Amigos Library Services, Inc.
- Formation: 1974; 52 years ago
- Type: library consortium, non-profit organization
- Focus: Library services
- Location: Dallas, Texas, United States;
- Website: www.amigos.org

= Amigos Library Services =

American not-for-profit organization serving libraries

Amigos Library Services, Inc. is a membership-based American not-for-profit organization chartered to serve libraries. The organization was formed in 1974 in Dallas, Texas, as the AMIGOS Bibliographic Council. It included 22 libraries, united to bring OCLC access to the southwestern United States. As of September 2021 Amigos is one of the largest library resource-sharing networks and a provider of information technology to libraries.

In July 2012, Amigos merged with Missouri Library Network Corporation (MLNC), an organization similar to Amigos headquartered in St. Louis. The action followed votes to approve the merger in April 2012 by MLNC members and May 2012 by Amigos members.
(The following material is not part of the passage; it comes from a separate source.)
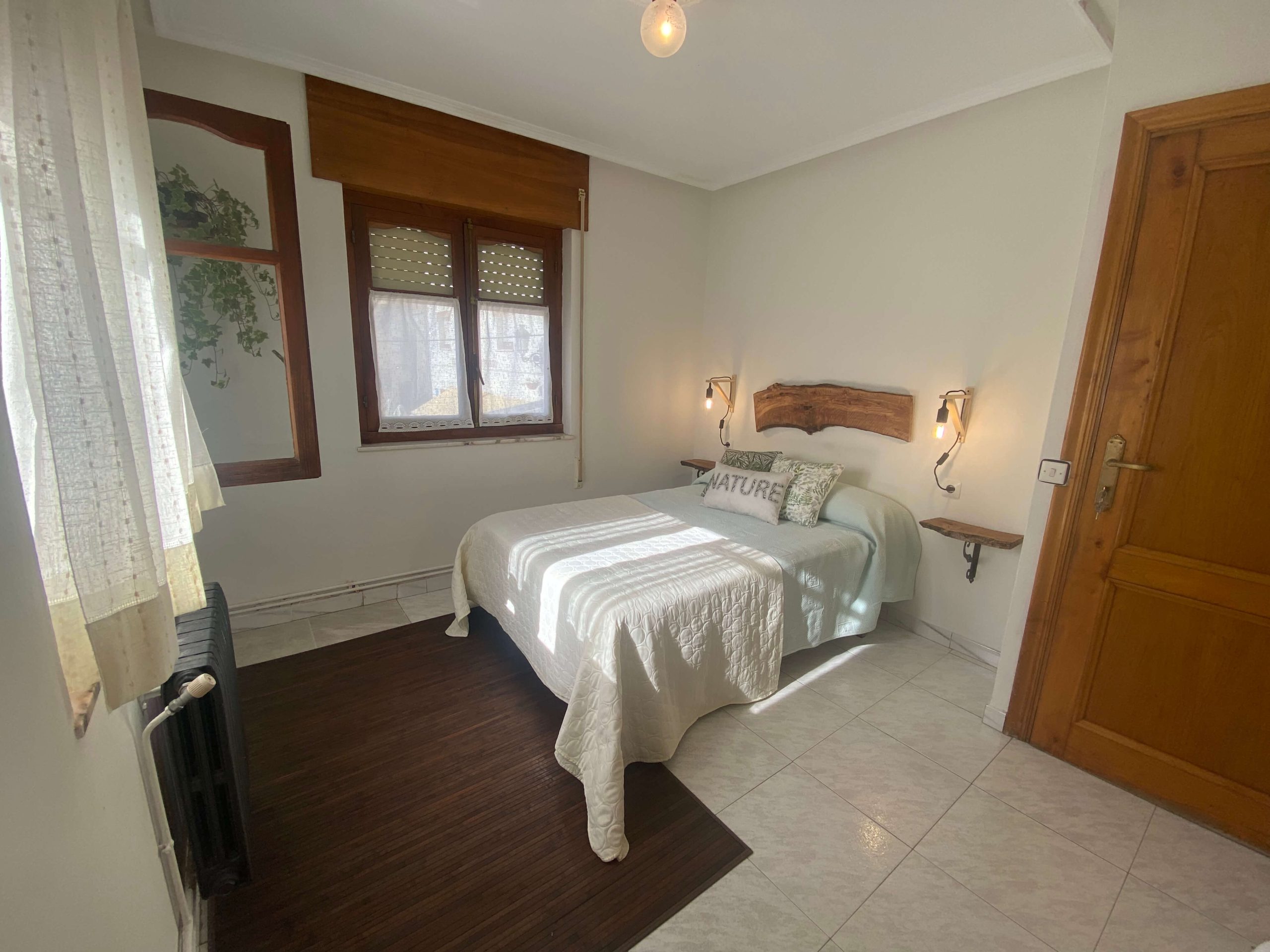 Acougo Pueblo es una luminosa habitación con dos ventanas que dan a la plaza del pueblo, llenando el espacio de luz natural. Cuenta con una mesa para trabajar y un baño grande y completo, ofreciendo comodidad y funcionalidad.

The combined organization retained the Amigos name with Dallas as its headquarters and an office in the St. Louis area. The new organization became the largest library network west of the Mississippi River, comprising libraries and cultural heritage institutions in 22 states.

Amigos Library Services is similar in scope to other library-oriented consortia such as the Midwest Collaborative for Library Services, OhioNet, and Lyrasis.